Thursday, April 24, 2008

Noah Ryan, Pilgrim at Tinker Creek

Dillard's interest in the very small is something I don't see very often. She reminds us of the millions of little worlds that play out their stories all around us at all times. The vast multitudes of smaller life make life like ours possible, they fill out a huge food web, effecting and even inhabiting us. The idea of being the host to thousands of being is one that I try to remind myself of occasionally. The idea of personal separation in Western thought (which is the system of thought that, ironically, discovered that these beings exist) and the obsession with purity in things helps us forget that we are indeed the home of many bacteria and microbial beings. The mind body problem seems like a absurd joke when I think about how much the neurons in my brain benefit from the bacteria in my stomach. They eat us and help us live.

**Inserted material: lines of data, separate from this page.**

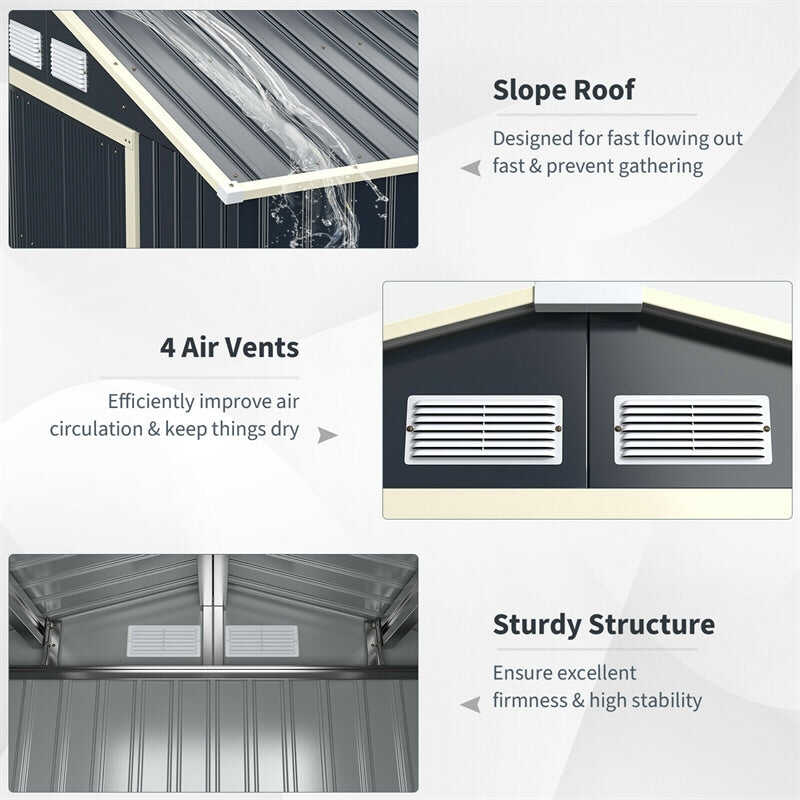 - Thoughtful Design for Better Use: This metal storage shed comes with 4 necessary vents to increase light getting and air ventilation, helping to prevent odor and reduce moisture accumulation. Moreover, the inclined slope roof is specially designed to prevent rainwater from gathering and rusting. Thus, these humanized functions will effectively protect your items from weather damage.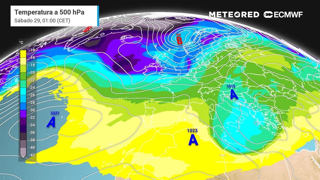 El domingo, ya con la onda sobre la vertical de la península, habrá un cambio significativo de tiempo según el modelo europeo, pues el mercurio se desplomará de forma generalizada y dejará mínimas por debajo de los 10 ºC en prácticamente toda la España peninsular.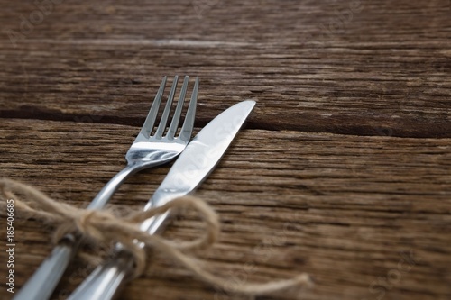 Fork and butter knife tied up with a rope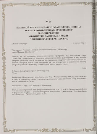 Именной указ императрицы Анны Иоанновны Архангелогородскому губернатору М.Ю. Щербатову об отпуске работных людей для поиска серебряных руд. г. Санкт-Петербург, 9 апреля 1733 г.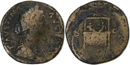 | | Faustina II, Sestertius, 161-176, Rome, Bronze, , RIC:1665 | | | Bust of Faustina II, draped, diademed, hair elaborately waved in nearly vertical lines and fastened in a low chignon at back of head round head, down cheek, curls, right, Throne (pulvinar), draped and ornamented, on which are two baby boys, Commondus and Antoninus, seated face to face, with stars above their heads, FAVSTINA AVGVSTA, SAECVLI FELICIT S C | | FEATURES |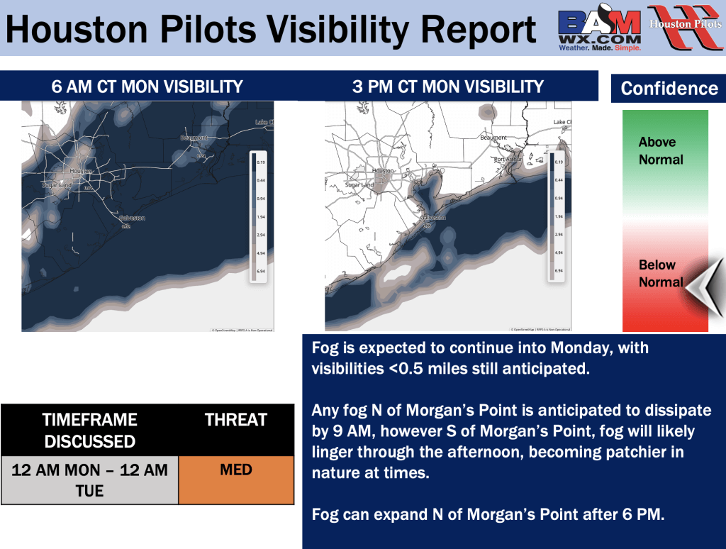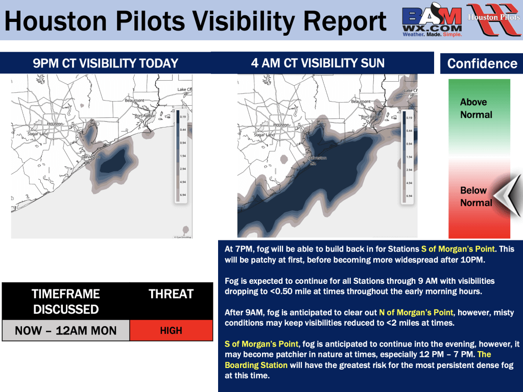Good Saturday PM! Here is your latest Houston Pilots Forecast Package/Visibility Update! If you have any forecast questions, please do not hesitate to reach out via our on call phone number (317)-560-8122, option 1.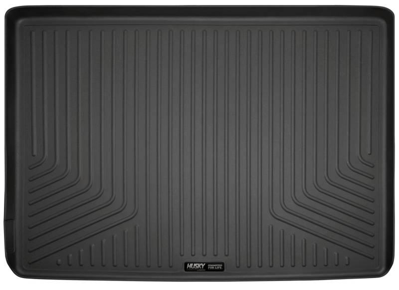 Weatherbeater - Cargo Liner Behind 3rd Seat The original all-weather liner is ready, come hell or hot coffee. The Weatherbeater?s construction is a no-slip zone with zero edge curl, and its Stay Put Nibs keep it firmly anchored underfoot. It stands up to chemicals like gas, oil and battery acid, and stays tough and flexible, even under extreme temperatures. Its laser-scanned, FormFit Design? gives your truck, van or SUV an ultra-clean look with easy cleanup to match, while its patented, FormFit Edge? keeps spills contained, carpets unstained. It?s unbeatable Husky protection for life, warrantied the same. Proudly made in the USA. Our patented FormFit Design(TM) process gives you a glove-like, laser-tight fit to your make and model. Floorboards are 3D scanned to precisely match the contours of your vehicle. Our patented FormFit Edge(TM) features a raised ridge that runs along the door jam, protecting your truck, van, or SUV from all manner of muck. Over vinyl or carpet, our StayPut(TM) Cleats firmly lock to your factory anchors. It's rock-steady stability underfoot, only by Husky. Sporty, rugged, and built for a lifetime of non-stop abuse. Put unbeatable all-weather toughness to work on your floor. WeatherBeater(TM) Liners offer protection that extends all the way to your rear seats. So go ahead, lift the seats and leave them up, load after load. Husky's got your floors, and your back, no matter what the road brings your way.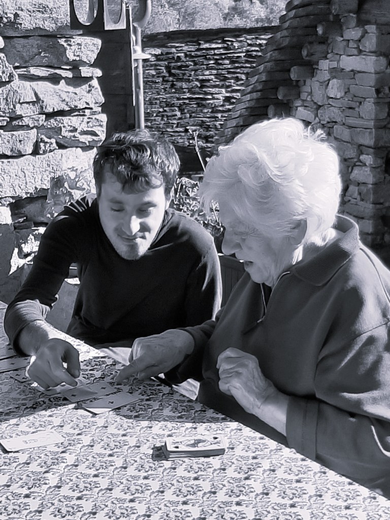 La terrazza è piena di sole, quel sole alpino che è ancora, almeno lui, benevolo e prezioso; la Mina sa che verso le quattro se ne andrà e si potranno finalmente bagnare i fiori. Nell’attesa, e dopo che il Meo è andato nel bosco a dare un po’ di martellate a un castagno, la Maddalena li invita a una partita alle carte. Di solito si svolge con il Meo che recalcitra a ogni presenza (Faccio da solo!), ma stavolta accetta di giocare con la nonna e si danno da fare come due bambini diligenti, insegnandosi a vicenda con spiegazioni criptate. La Mina ogni tanto vorrebbe imporre la sua saggezza, ma il Meo è anticlassista e non ascolta.

This is a sort of connectedness to the world that is easy to forget (microscopic things tend to be). While it brings up a lot of questions about what the "I" is and all that, but what I want to say is that we are intimately connected to the world every minute of every day, even in when we separate ourselves in our houses (inhabited by spiders and ants and beetles and many other things) we are still connected to thousands of lives. We carry the reality of inhabited places everywhere we go, inside of us. I find myself wanting to eat yogurt, just to add some more little beings, to be that much more an inhabited place (A being can be a (sacred) place!).
I'm just glad to be part of it all.

1 comment:

Kip Redick said...

I like the thought that, to a sick-inducing bacteria or yogurt culture or even a grody little parasite (well, it's grody to me, because I like my relationships to be symbiotic, thank you very much)... to those little bitty things, *I* am a sacred place! Li'l ol' me! I am like a magic cave to them, with wiggly innards as cave walls! My navel is the navel of their world... now I have to go thank about that. Cheers, Noah!